We’ve discussed the problem of identifying relevant features of a natural system (and how this always depends on the circumstances and aims of the modeller) in chapters 8, 9, 10, and 11. There is another difficulty though: in practice, it is hard (if not outright impossible) to predefine the total range of possible behaviours of most natural systems (see chapter 12). In fact, in a large world, it is not even clear what that would mean, and we argue in chapter 13 that we can define a complex system exactly as a system whose totality of possible behaviours cannot be captured by a single formal model. Our large and complex world is not entirely formalisable. This is perhaps the central insight of this book.
The art of modelling, then, is to match formalism (in the symbolic domain of the self) and target system (in the natural domain of the ambience) such that the model is congruent for our given purposes and captures all the possible system behaviours that are relevant in our specific situation.
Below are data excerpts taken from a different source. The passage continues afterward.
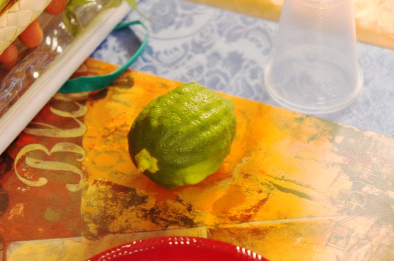 Als Zemel naar de synagoge gaat, gaat de etrog mee
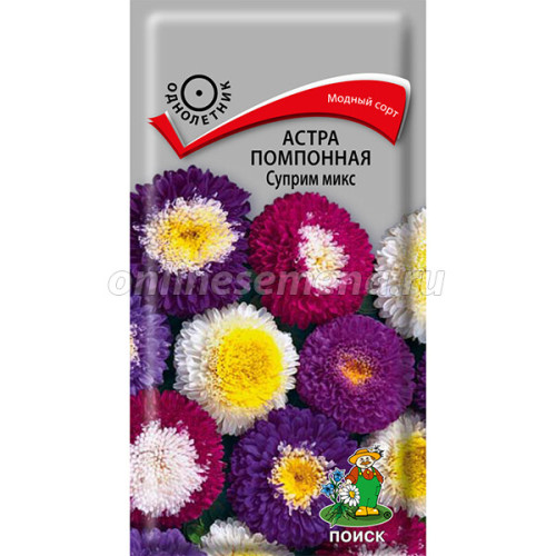 Прекрасная смесь веселых астр! Компактное ветвистое растение высотой до 50 см. Соцветия плоскоокруглые разноцветные с бело-желтым центром. Одновременно на растении до 30 соцветий! Используют очень широко: для посадки в сборные цветники группами, на рабатки рядами и на срезку.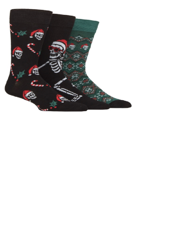 Christmas Skulls Novelty Bamboo Socks pack of 3 Mens size 7-11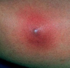Center of abscess is full of pus containing dead tissue, dead neutrophils and debris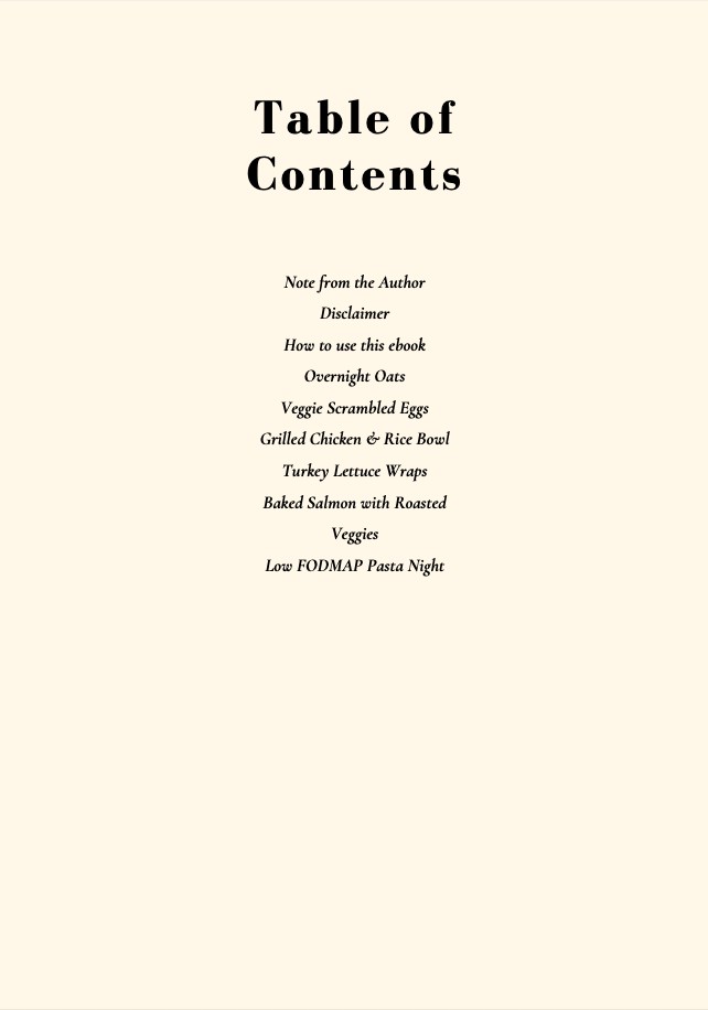 Struggling with IBS and not sure what to eat? This recipe book gives you 6 easy, delicious Low FODMAP meals (2 breakfasts + 4 lunches/dinners) that are safe for sensitive guts and dietitian-approved.

This is a more modest and realistic undertaking than striving for some unattainable theory of everything. It is an actionable project suited for limited human beings. But how do we achieve it? If we cannot delimit the entire space of possible behaviours of a natural system, how can we ever know that we have captured all relevant ones in a given situation? Remember: there could always be unconsidered alternatives. We can never be sure that we are not missing anything. Here, recognising the limitations of your modelling framework (rather than its positive potential) is of crucial importance. Are there aspects of what we want to understand that lie outside the capabilities of the model we are using? While delimiting the entire space of possibilities is generally impossible, this question can often be answered quite pragmatically.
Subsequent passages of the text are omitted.